Documenting the '85 New Wave
Zhang Peili’s Early Rationalist Paintings

Although Zhang Peili was academically and systematically trained as a painter, he is better known today as the “father of Chinese video art.” In fact, after his first video work, 30*30 of 1988, he hovered for many years between the mediums of painting and video installation, giving up easel painting to focus exclusively on the latter only around 1994-5. For this reason, the paintings he created around 1985 are not only representative of “Rationalist Painting” but his own early search for a creative direction. The present sale includes two of his important early oil paintings: Reclining Swimmer (Lot 874) and X? Series (Lot 873), both of 1986. They are immensely valuable as rare documents of contemporary Chinese art of the 1980’s and the ’85 New Wave.

Zhang Peili was born in the 1950’s to a family of medical workers. At the time, political movements and natural disasters were frequent occurrences in China, but Zhang’s young mind was shaped more directly by personal experiences, such as his parents’ dinner-table discussions of medical knowledge, the smell of hospitals that they brought home, and Zhang’s own illnesses and hospitalisations. As the artist himself recognises, “Most people’s lives share more or less the same large historical background, but differ drastically in terms of concrete individual experiences because they have different bodies and memories. Early memories, especially, shape a person’s personality, tastes, behaviour, and language.”1 In Zhang Peili’s case, early memories are the reason for his sensitivity to existential conditions and the persistently unemotional perspective of his early easel paintings.

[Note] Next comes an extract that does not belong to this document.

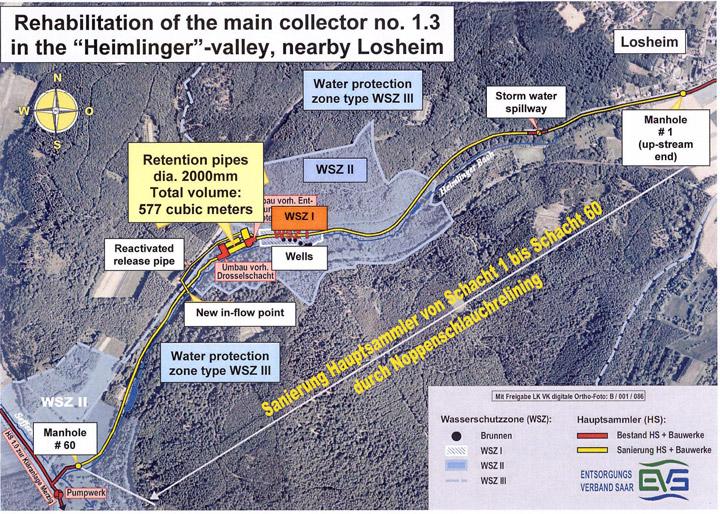 High potential for groundwater pollution The collector "Heimlinger Tal" transports combined sewage from the village of Losheim into South-West direction to the waste water treatment plant of Merzig. TV-inspections performed in 1998 revealed leakages at almost all joint connections of the 3.3 km long section, mainly constructed with asbestos cement pipes ranging from diameter 400mm to 1300mm. Since the pipes themselves were still in excellent condition, rehabilitation would not have been necessary under structural aspects.

Entering the Zhejiang Academy of Art in 1980, Zhang Peili became classmates with Wang Guangyi and Geng Jianyi. The Academy expanded Zhang’s horizons. Devouring painting catalogues, he abandoned the academic standard of Soviet realism and became fascinated with such artists as Duchamp, Dali, and Chirico. He also much appreciated the American realist Edward Hopper. In 1985, Zhang Peili and Geng Jianyi led a group of young Zhejiang Academy graduates and organised an exhibition there entitled “85 New Space.” In the following year, they established the artist association Lake Society. In retrospect, Zhang Peili explains the motivation behind the “85 New Space” exhibition as follows: “[We] opposed the notion that everything had to be decided by a single theme or a single subject. So the theme of this exhibition became urban life and personal experience, and stylistically the exhibited works were very far from the usual realism of the past.”2 Such thinking would later inform the collective creations of the Lake Society and manifest itself in Zhang’s own works of 1985 and 1986.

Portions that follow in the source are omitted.